The International Conference on Low Temperature Physics (LT) is an academic conference held every three years near the month of September attracting on average well over a thousand participants from all over the world. The LT conferences are endorsed by the International Union of Pure and Applied Physics (IUPAP) via its Commission on Low Temperature Physics (C5). The mandate of the LT conferences is to promote the exchange of information and views among the members of the international scientific community in the general field of Low Temperature Physics.
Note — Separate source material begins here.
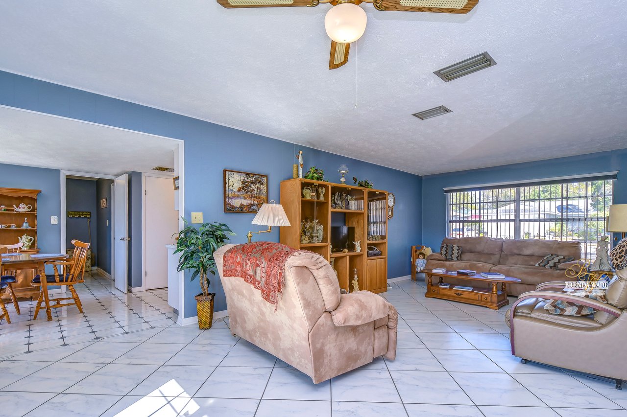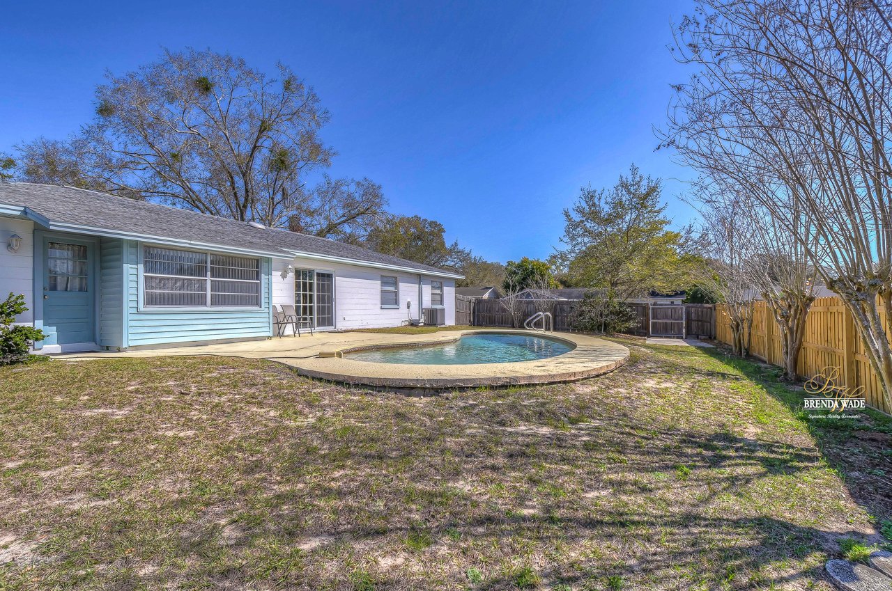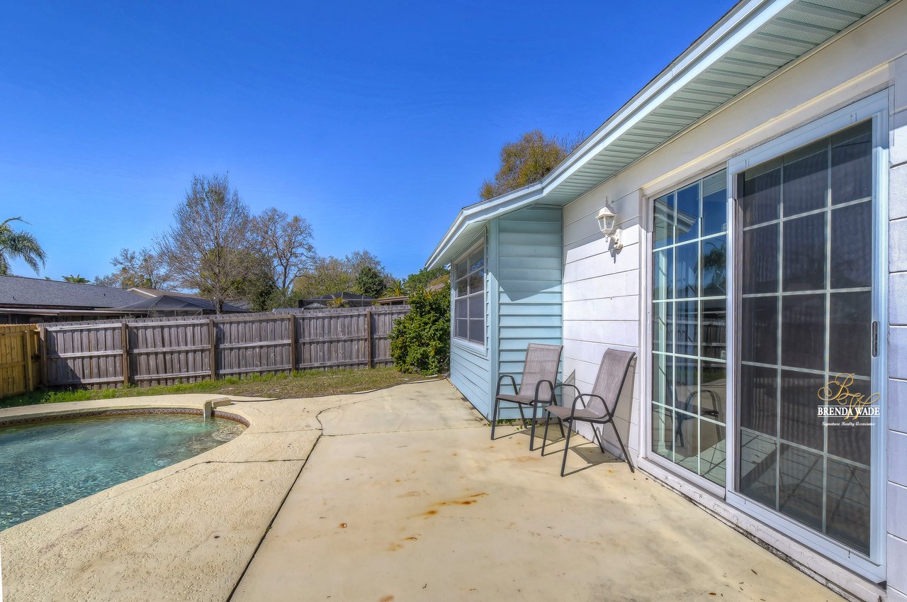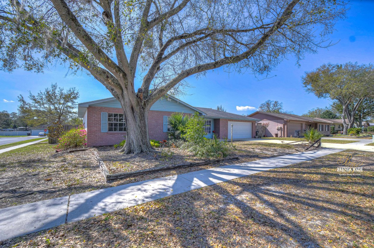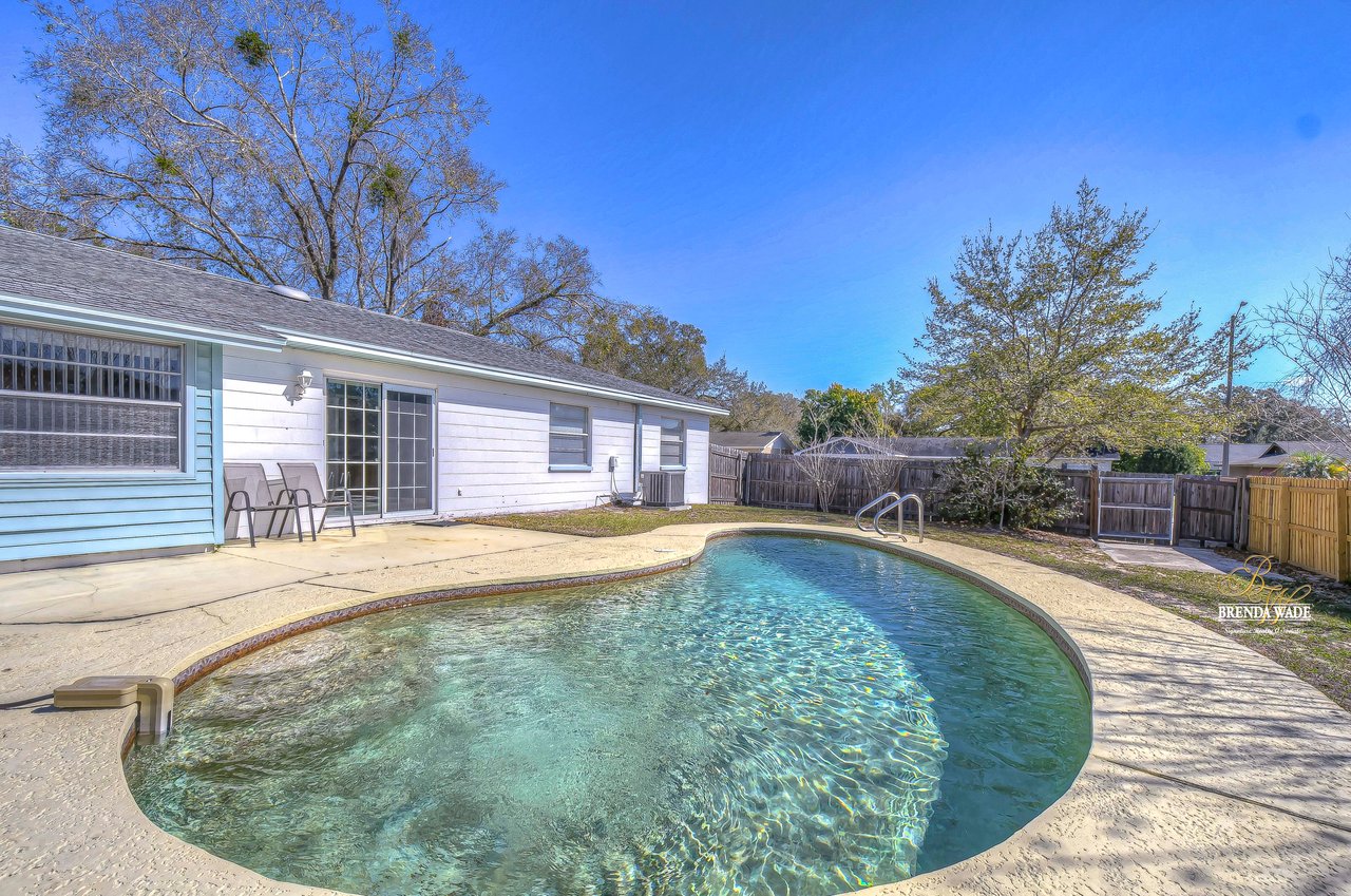 **SELLER TO HAVE A NEW ROOF INSTALLED**This corner lot POOL home is oh so desirable and waiting for you! As you approach the home you will love the towering oak tree, brick exterior, and charming front porch which ties together perfectly to welcome you inside! The home is situated on a corner lot, which not only adds to its appeal but also provides additional privacy and space! As soon as you step inside, you'll be greeted by a bright and spacious living area that is perfect for relaxing and unwinding after a long day. The open living area allows for easy flow, making it the perfect space for entertaining guests. There is a set of sliders that allows for a pretty pool view! The kitchen is so pretty with white cabinets and appliances, as well as a closet pantry and bright breakfast nook with a picturesque window! The primary suite features a double closet and an attached, private bathroom! There are 3 additional bedrooms of nice size sharing another bathroom! With 4 bedrooms and 2 bathrooms, this home is perfect for a growing family or anyone who loves to have guests over. The bedrooms are spacious and comfortable, providing a peaceful retreat after a busy day! And let's not forget the backyard! Take a dip in the pool with a large fenced yard so privacy will be all yours! This property boasts a large, fenced-in yard that is perfect for kids and pets to play. You'll love spending time outside in the beautiful Florida sunshine, enjoying barbecues, playing lawn games, or swimming in the pool on a nice day! Located in a great location, you will love being central to all of the best shopping and dining in the area and just a quick skip to I-75! This is a winner, come see it today while you can! View the home virtually with this link: my.matterport.com/show/?m=LuuFEEtDeo5&mls=1

Usually, several other satellite meetings are also held just before or after the LT conferences in neighboring cities such as the International Conference on Ultra Low Temperature Physics series (ULT) as well as other meetings related to the topics listed below. Starting from 1998, the Symposium on Quantum Fluids and Solids (QFT) conference series was decided to be held in all non-LT years.

Topics 
The general field of low temperature physics is broad, but usually the LT conferences are divided into five parallel programs:

A. Quantum Gases, Fluids and Solids
B. Superconductivity
C. Quantum Phase Transitions and Magnetism
D. Electronic Quantum Transport in Condensed Matter
E. Cryogenic Techniques and Applications

Prizes 
The LT conferences traditionally hand out the following prizes during their opening sessions:

 The Fritz London Memorial Prize
 The Simon Memorial Prize
 The IUPAP Young Scientist Prizes in Low Temperature Physics (since LT-25)

Editions 
As of late, the conferences are being held in the following pattern: Europe -> Asia -> The Americas -> Europe.